- Opening Delimiter -
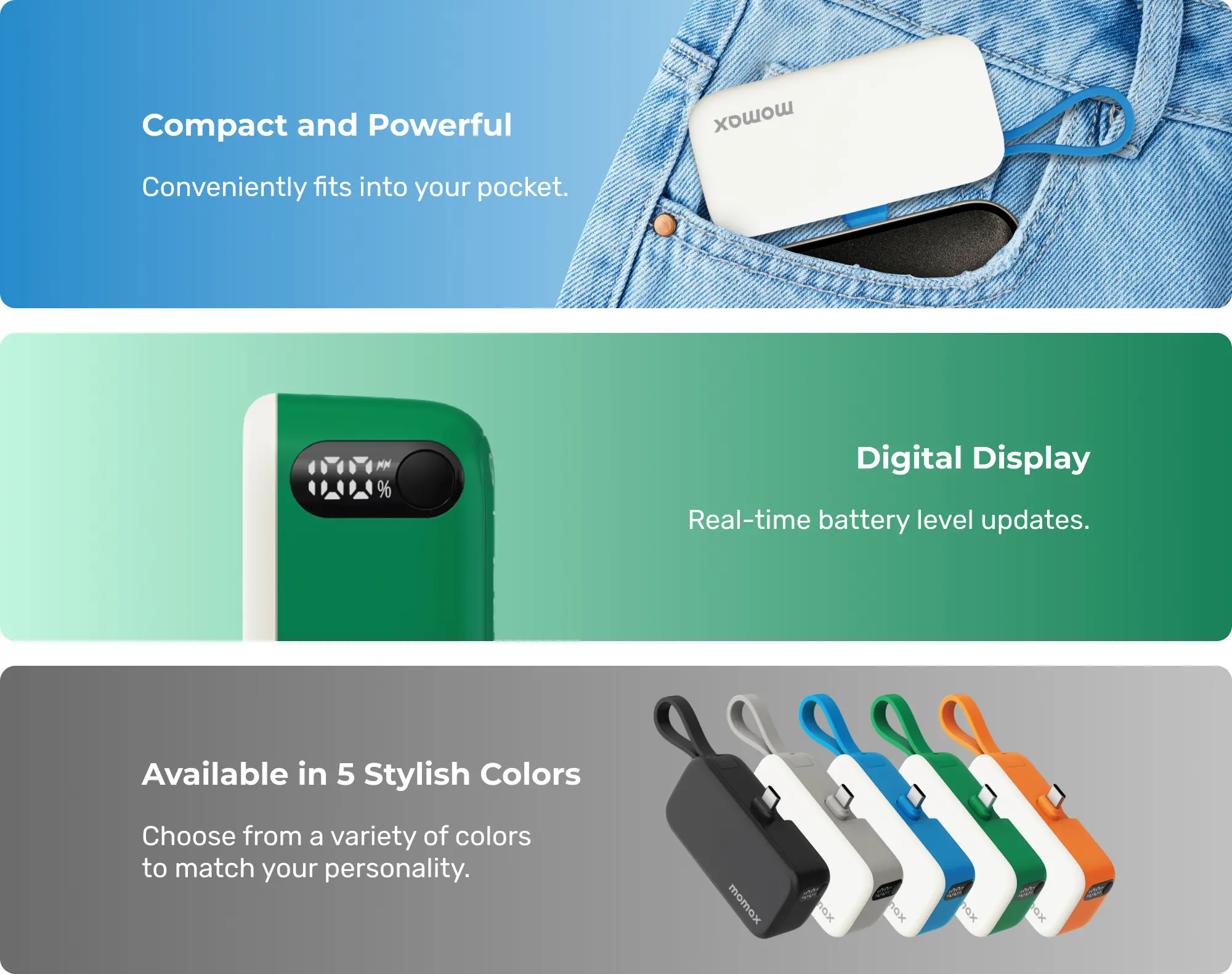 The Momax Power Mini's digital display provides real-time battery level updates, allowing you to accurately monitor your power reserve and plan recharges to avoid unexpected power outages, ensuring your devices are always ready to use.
- Closing Delimiter -
- Opening Delimiter -
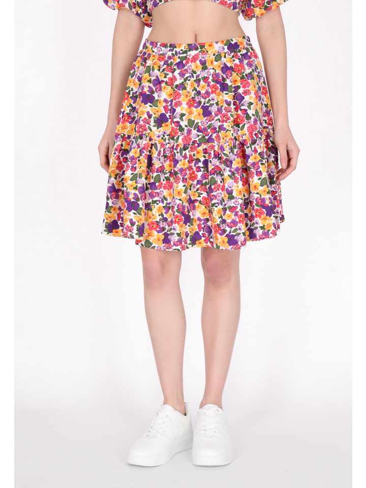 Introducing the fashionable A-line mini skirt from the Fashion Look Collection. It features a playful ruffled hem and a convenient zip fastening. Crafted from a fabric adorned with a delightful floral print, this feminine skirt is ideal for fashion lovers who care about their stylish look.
- Closing Delimiter -
- Opening Delimiter -
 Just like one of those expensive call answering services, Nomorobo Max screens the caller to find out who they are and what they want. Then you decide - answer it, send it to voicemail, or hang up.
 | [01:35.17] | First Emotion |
- Closing Delimiter -
**Task goal:** From the records above, transcribe exactly the run of lines that opens with the line holding "Just like one" and closes with the line holding "First Emotion |", both included.

**Exercise answer:**
 Just like one of those expensive call answering services, Nomorobo Max screens the caller to find out who they are and what they want. Then you decide - answer it, send it to voicemail, or hang up.
 | [01:35.17] | First Emotion |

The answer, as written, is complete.